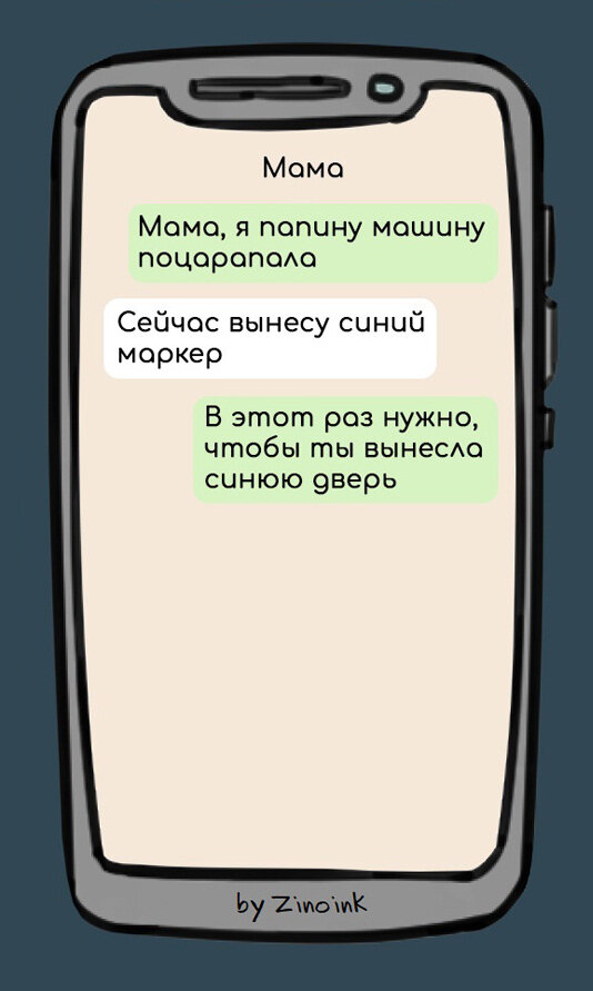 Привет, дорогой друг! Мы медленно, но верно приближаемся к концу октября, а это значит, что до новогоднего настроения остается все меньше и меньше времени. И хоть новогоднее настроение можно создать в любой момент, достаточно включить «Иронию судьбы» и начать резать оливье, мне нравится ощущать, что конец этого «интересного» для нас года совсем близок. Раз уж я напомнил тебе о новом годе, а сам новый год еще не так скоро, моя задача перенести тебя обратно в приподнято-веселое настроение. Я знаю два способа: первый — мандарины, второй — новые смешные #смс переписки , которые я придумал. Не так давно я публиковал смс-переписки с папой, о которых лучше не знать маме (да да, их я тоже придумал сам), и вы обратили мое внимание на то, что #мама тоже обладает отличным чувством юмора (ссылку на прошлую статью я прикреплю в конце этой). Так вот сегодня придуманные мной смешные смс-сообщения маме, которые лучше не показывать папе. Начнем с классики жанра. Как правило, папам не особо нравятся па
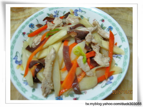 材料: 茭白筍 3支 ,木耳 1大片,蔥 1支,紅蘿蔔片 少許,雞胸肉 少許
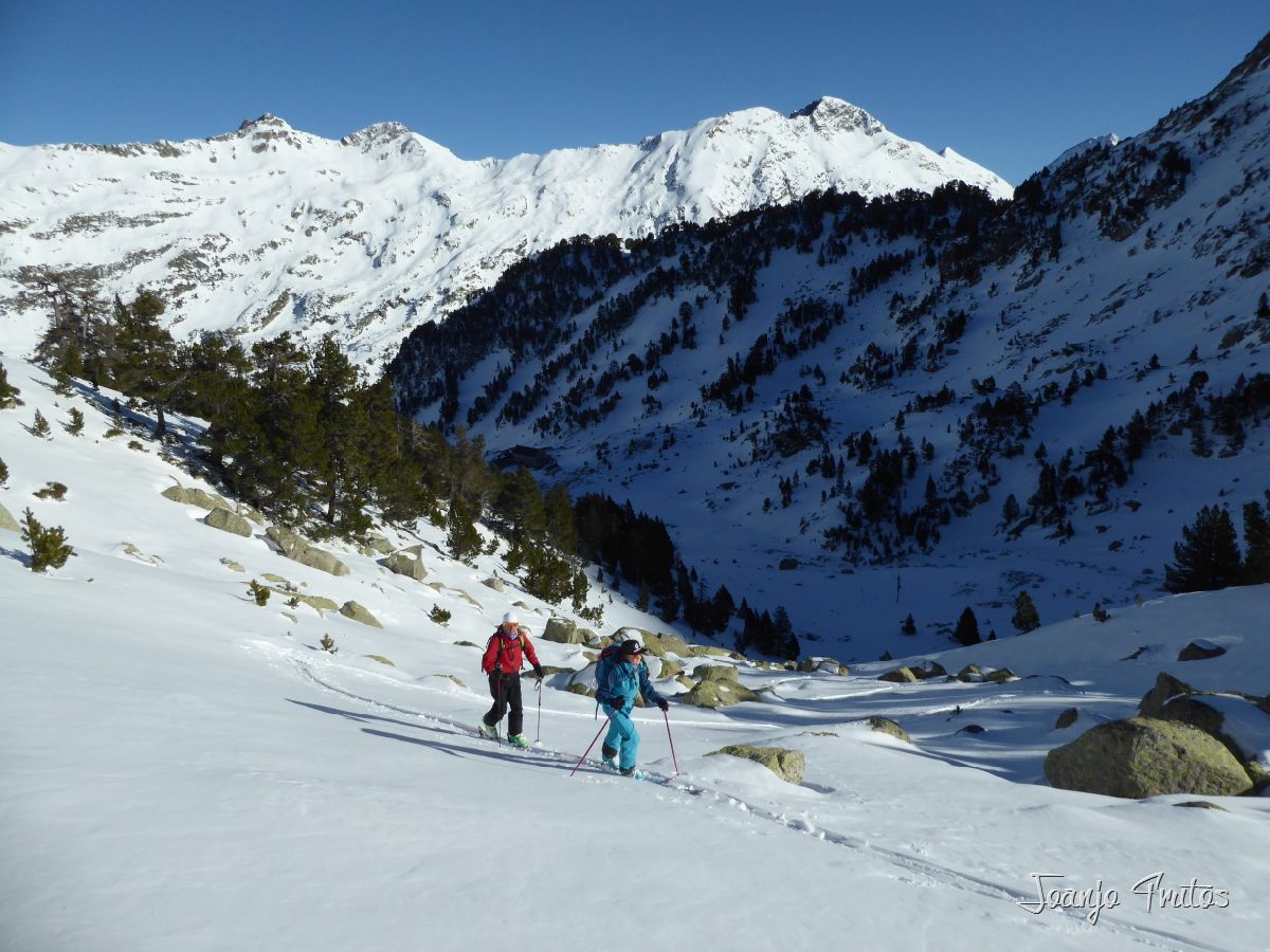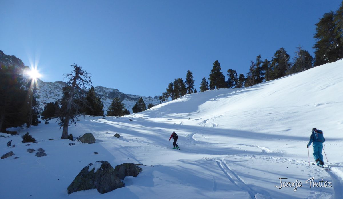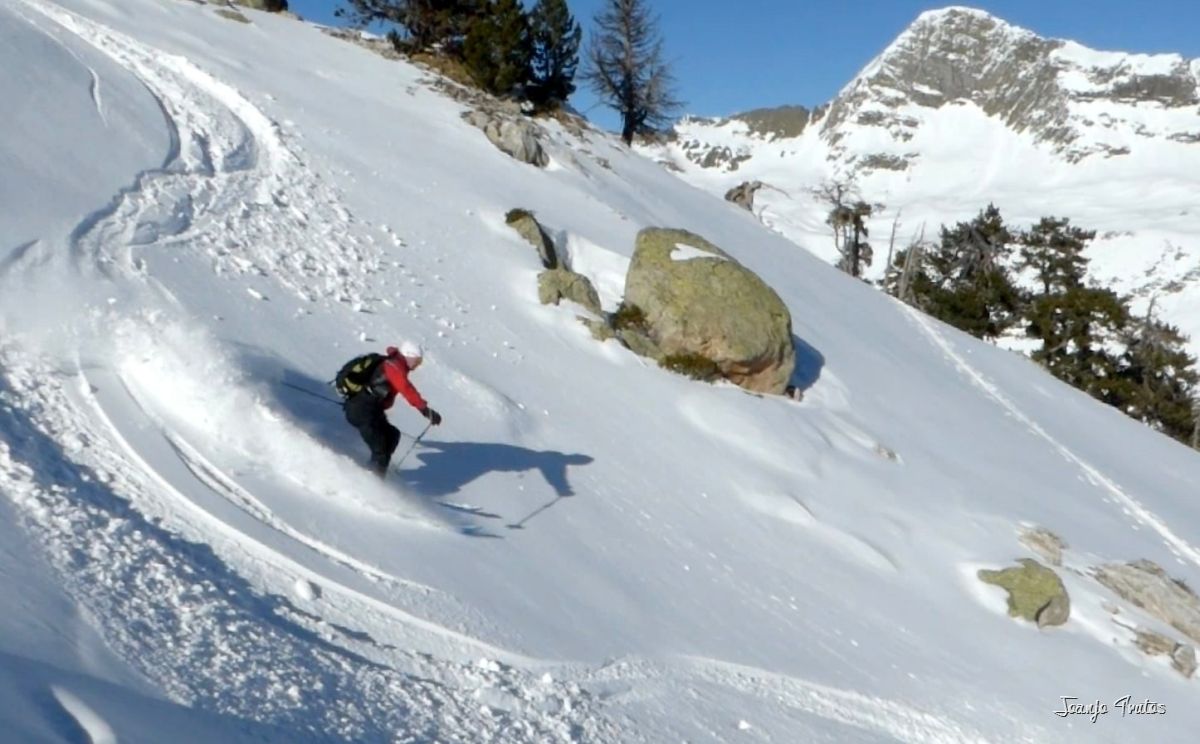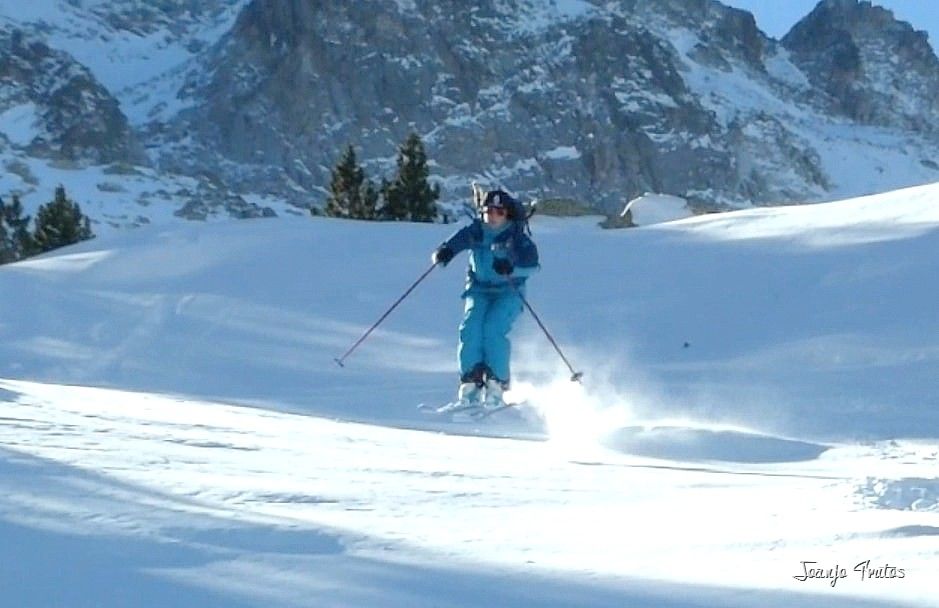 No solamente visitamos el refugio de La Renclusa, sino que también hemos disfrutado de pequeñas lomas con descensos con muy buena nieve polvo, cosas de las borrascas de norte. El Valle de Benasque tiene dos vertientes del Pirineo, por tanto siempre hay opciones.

------------------------------------------------------------

▸ **WHAT IS EXPECTED**
Find the line that has "材料: 茭白筍 3支 ,木耳 1大片,蔥 1支,紅蘿蔔片 少許,雞胸肉 少許" in the listing, then retype it and each later line up to the last, exactly. Leave pictures out.

▸ **RESPONSE TO THE EXERCISE**
 材料: 茭白筍 3支 ,木耳 1大片,蔥 1支,紅蘿蔔片 少許,雞胸肉 少許
 No solamente visitamos el refugio de La Renclusa, sino que también hemos disfrutado de pequeñas lomas con descensos con muy buena nieve polvo, cosas de las borrascas de norte. El Valle de Benasque tiene dos vertientes del Pirineo, por tanto siempre hay opciones.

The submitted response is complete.